This seems especially problematic if Bayesian optimization is driving the search towards incompatible values of the hyperparameters – training jobs would be more likely to fail and it would be harder to leave a region of hyperparameter space where such failure is likely. Greater care should be taken to avoide incompatible choices of hyperparameters.
tuning_job_df['FinalObjectiveValue'].sort_values(ascending=False)
1    0.9235
0    0.9104
6    0.9057
9    0.8983
8    0.8946
7    0.8105
2       NaN
3       NaN
4       NaN
5       NaN
Name: FinalObjectiveValue, dtype: float64
Although the validation accuracy improved from job to job, none of the models thus trained achieved a validation accuracy better than the default model,
In the end, the default model hyperparameters seemed to be a good option.
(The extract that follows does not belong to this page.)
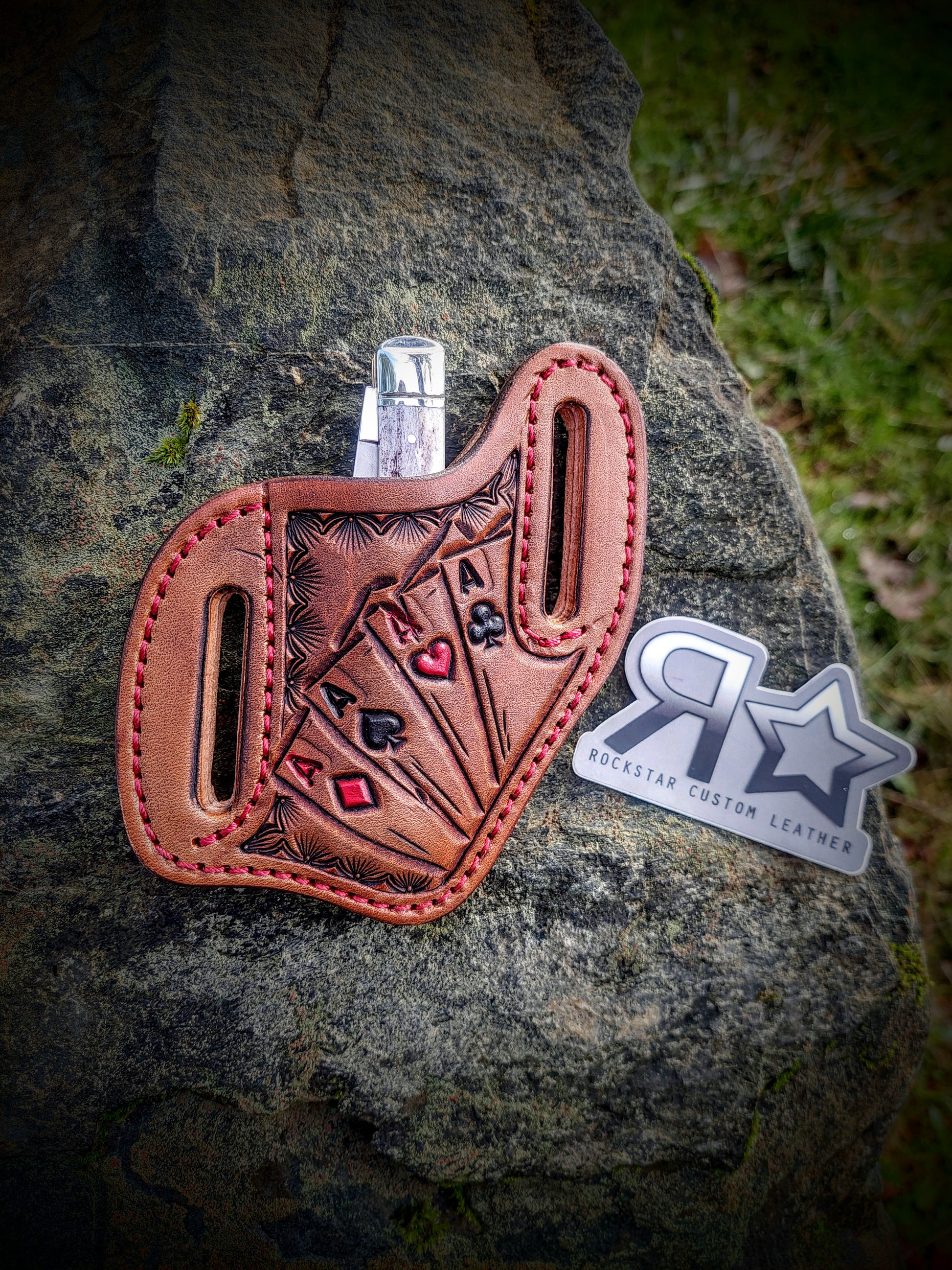 Beautifully tooled knife sheath with a Rough Ryder trapper knife included.

We’ll check the test set performance of the sequence of models learned during that training job.
As previously observed, we expect that weights from this period will perform best on test data, and will be a sound choice for a final model.
! ls models/keras_checkpoints
FashionMNISTCNN-epoch-01-val_acc-0.8778.hdf5
FashionMNISTCNN-epoch-02-val_acc-0.9033.hdf5
FashionMNISTCNN-epoch-03-val_acc-0.9091.hdf5
FashionMNISTCNN-epoch-09-val_acc-0.9281.hdf5
FashionMNISTCNN-epoch-12-val_acc-0.9281.hdf5
FashionMNISTCNN-epoch-15-val_acc-0.9306.hdf5
FashionMNISTCNN-epoch-16-val_acc-0.9310.hdf5
FashionMNISTCNN-epoch-19-val_acc-0.9339.hdf5
FashionMNISTCNN-epoch-24-val_acc-0.9367.hdf5
FashionMNISTCNN-epoch-32-val_acc-0.9386.hdf5
FashionMNISTCNN-history.csv
dummy.txt
We’ll evaluate all models between epochs 15-32
def epoch_and_val_acc_from_file_name(model_file):
    model_file = model_file.lstrip('FashionMNISTCNN-')
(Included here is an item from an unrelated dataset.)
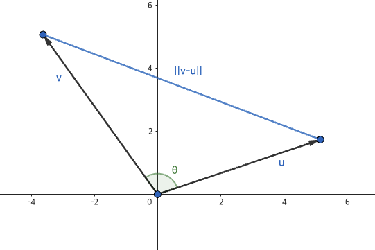(v-u)⋅(v-u) = ∥v∥^2 + ∥u∥^2 - 2∥v∥∥u∥ cosθ

    model_file = model_file.rstrip('.hdf5')
    model_file = model_file.split('-')
    epoch = int(model_file[1])
    val_acc = float(model_file[3])
    return epoch, val_acc
def get_models_from_dir(model_dir, epoch_range, input_shape=(28, 28, 1), drop_rate=0.50):
    models = {}
    for _, _, model_files in os.walk(model_dir):
        for model_file in sorted(model_files):
            if '.hdf5' in model_file:
                epoch, val_acc = epoch_and_val_acc_from_file_name(model_file)
                if epoch in epoch_range:
                    model = fmc(input_shape=input_shape, drop_rate=drop_rate)
                    model.load_weights(os.path.join(model_dir, model_file))
                    model.compile(optimizer='adam', loss='categorical_crossentropy', metrics=['accuracy'])
                    models[epoch] = model
    return models
def model_eval_df(models, X, Y):
    losses, accs = [], []
    for epoch in models:
        print("Evaluating epoch {} model:\n".format(epoch))
        loss, acc = models[epoch].evaluate(x=X, y=Y)
        losses += [loss]
        accs += [acc]
    eval_df = pd.DataFrame({'epoch': list(models.keys()), 'test_loss': losses, 'test_acc': accs})
    return eval_df
# load and prepare test data
(X_train, Y_train, X_val, Y_val, X_test, Y_test) = fmc.load_data()
(X_train, Y_train, X_val, Y_val, X_test, Y_test) = fmc.prepare_data(X_train, Y_train, X_val, Y_val, X_test, Y_test)
#evaluate models
epoch_range = range(15, 33)
models = get_models_from_dir('models/keras_checkpoints', epoch_range)
model_test_eval_df = model_eval_df(models, X_test, Y_test)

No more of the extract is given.